Моя первая любовь — нет, давайте пропустим ЭТО. Милая! твое имя не осквернит наемная страница. Милое, милое воспоминание! Ах, дамы, ваши нежные сердца тоже чувствовали этот трепет. И между последней буквой в слове «трепет» и словами, написанными сейчас, я провел восхитительный период, может быть, час, может быть, минуту, не знаю сколько, думая об этой святой первой любви и о той, кто ее вдохновил. Как ясно я помню каждый инцидент той страсти! а ведь это было так давно. Я был тогда еще ребенком — школьником — и, если уж говорить правду, Л-ра Р-гглс (я бы не написал ее полного имени, даже если бы меня сделали одним из душеприказчиков маркиза Хартфорда) была женщиной на целых тринадцать лет старше меня; в то время, о котором я пишу, ей должно было быть не меньше двадцати пяти. Она и ее мать торговали пирожными, леденцами, конфетами и другими простыми съестными припасами по средам и субботам (в полувыходные) в частной школе, где я получал первые основы классического образования. Я часами сидел перед ее лотком, но не думаю, что бедная девушка когда-либо предполагала, что какой-то мотив, кроме вульгарной тяги к ее пирожным и имбирному пиву, заставлял меня так постоянно приходить к ее маленькому прилавку. Да, даже в тот ранний период мои действия были неверно истолкованы, и фатальность, которая угнетала всю мою жизнь, начала проявляться — чистейшая страсть была неверно истолкована ею и моими школьными товарищами, и они думали, что мной движет простое обжорство. Они прозвали меня Аликемпейн.

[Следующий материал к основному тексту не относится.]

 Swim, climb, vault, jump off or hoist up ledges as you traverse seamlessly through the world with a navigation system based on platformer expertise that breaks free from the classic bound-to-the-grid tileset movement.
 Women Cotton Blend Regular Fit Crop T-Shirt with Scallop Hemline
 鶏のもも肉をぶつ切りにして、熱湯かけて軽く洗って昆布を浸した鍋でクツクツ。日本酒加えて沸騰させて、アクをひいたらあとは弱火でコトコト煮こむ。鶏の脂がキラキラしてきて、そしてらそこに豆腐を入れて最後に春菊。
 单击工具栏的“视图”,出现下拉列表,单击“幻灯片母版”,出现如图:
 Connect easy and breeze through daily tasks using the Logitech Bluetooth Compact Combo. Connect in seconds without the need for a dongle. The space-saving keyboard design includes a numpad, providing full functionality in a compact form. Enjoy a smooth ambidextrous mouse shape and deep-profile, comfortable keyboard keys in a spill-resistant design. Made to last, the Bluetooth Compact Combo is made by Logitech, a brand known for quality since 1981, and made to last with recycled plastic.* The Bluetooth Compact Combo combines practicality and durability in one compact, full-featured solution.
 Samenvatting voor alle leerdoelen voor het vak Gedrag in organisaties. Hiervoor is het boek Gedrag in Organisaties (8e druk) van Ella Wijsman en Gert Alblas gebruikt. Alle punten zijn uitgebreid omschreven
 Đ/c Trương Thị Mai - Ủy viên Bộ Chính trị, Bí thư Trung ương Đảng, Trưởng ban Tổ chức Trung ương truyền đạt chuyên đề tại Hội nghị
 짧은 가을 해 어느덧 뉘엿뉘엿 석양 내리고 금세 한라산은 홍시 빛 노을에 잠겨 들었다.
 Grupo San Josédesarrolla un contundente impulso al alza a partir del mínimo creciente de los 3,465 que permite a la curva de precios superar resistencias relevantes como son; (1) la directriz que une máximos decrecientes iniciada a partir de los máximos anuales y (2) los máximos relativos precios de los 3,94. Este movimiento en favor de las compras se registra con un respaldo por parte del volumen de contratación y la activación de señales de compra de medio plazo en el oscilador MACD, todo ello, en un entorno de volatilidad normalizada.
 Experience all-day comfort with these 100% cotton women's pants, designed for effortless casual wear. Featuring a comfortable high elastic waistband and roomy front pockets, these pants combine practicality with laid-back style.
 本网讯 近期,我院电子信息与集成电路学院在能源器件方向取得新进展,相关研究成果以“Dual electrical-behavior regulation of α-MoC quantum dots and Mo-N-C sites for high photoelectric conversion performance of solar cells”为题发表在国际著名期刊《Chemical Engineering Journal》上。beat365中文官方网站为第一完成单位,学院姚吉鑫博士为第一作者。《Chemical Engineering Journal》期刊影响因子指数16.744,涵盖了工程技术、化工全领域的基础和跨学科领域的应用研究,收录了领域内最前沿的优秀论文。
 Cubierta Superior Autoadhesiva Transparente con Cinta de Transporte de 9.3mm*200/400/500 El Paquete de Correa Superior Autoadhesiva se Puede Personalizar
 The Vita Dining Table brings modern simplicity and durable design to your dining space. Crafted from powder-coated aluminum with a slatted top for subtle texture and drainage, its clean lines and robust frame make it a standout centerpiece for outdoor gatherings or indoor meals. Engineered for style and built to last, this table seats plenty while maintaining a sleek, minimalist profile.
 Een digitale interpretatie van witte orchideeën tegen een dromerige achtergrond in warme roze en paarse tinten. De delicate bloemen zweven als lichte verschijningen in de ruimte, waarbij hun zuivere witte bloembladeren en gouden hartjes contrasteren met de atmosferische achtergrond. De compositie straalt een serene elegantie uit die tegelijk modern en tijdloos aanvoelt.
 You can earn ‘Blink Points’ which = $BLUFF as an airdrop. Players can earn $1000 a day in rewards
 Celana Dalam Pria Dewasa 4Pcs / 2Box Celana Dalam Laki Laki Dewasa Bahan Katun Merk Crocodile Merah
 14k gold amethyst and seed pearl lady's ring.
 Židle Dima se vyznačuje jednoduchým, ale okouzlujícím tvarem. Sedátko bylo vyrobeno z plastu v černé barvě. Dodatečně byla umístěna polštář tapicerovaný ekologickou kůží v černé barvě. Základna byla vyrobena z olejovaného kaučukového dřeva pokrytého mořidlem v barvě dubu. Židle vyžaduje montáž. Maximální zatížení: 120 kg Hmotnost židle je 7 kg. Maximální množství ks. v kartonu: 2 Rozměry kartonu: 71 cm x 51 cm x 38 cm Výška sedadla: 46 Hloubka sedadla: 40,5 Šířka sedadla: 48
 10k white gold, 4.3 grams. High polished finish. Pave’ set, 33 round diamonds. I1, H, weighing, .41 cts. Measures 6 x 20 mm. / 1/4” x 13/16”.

Ну, пусть будет так. Смейтесь над ранней страстью, кто хочет; высокородный мальчик, безумно влюбленный в простую девушку, торгующую имбирным пивом! Позже она вышла замуж, взяла фамилию Латтер и теперь держит со своим старым мужем шлагбаум, через который я часто проезжаю; но я могу вспомнить ее яркой и розовощекой в солнечный летний день, ее красные щеки, затененные помятым соломенным чепцом, ее пирожные и имбирное пиво на аккуратной белой скатерти перед ней, как она штопает синие шерстяные чулки, пока молодые джентльмены не прервут ее, придя за покупками.

Многие назовут это описание низким; я не завидую их благородству и всегда замечал в жизни (как, конечно, и любой другой ДЖЕНТЛЬМЕН), что именно выскочка больше всего настаивает на том, что он называет благородством, и испытывает самое брезгливое отвращение к тому, что искренне и естественно. Давайте, однако, перейдем сразу, поскольку весь мир должен быть доволен, к рассказу об истории, которая произошла в самых лучших кругах общества, как их называют, а именно — о моем следующем неудачном увлечении.

Это произошло не через несколько лет после той простой и платонической страсти, что была описана только что: ибо хотя они могут говорить о юности как о поре романтики, мне всегда казалось, что в мире нет существ более совершенно неромантичных и эгоистичных, чем некоторые молодые английские джентльмены в возрасте от пятнадцати до двадцати лет. Самый старый Ловелас в городе едва ли более бессердечен и презрителен, чем они; они подражают всякого рода эгоизму и распутству: они стремятся преуспеть в крикете, бильярде, гребле и пьянстве, и придают больше значения красному мундиру и аккуратной паре сапог с отворотами, чем любой другой славе. Молодой человек шатается в университетскую часовню по утрам и с величайшей гордостью сообщает всем своим друзьям, что он был «так пьян прошлой ночью». Он шутит о том, что у него дома есть сестры и добрая мать, которая любит его; и если он говорит о своем отце, то с многозначительной усмешкой, говоря, что у него есть счета портного и торговца лошадьми, которые удивят «старого губернатора». Он стыдился бы быть влюбленным. Я, как и мои сверстники, имел эти аффектации, и моя постоянная привычка курить добавила немало к моей репутации как искусного распутника. Что вышло из этой привычки в армии и в колледже, читатель уже слышал. Увы! в жизни вышло не лучше, и многие прекрасные шансы, которые у меня были, улетучились в этом проклятом дыму.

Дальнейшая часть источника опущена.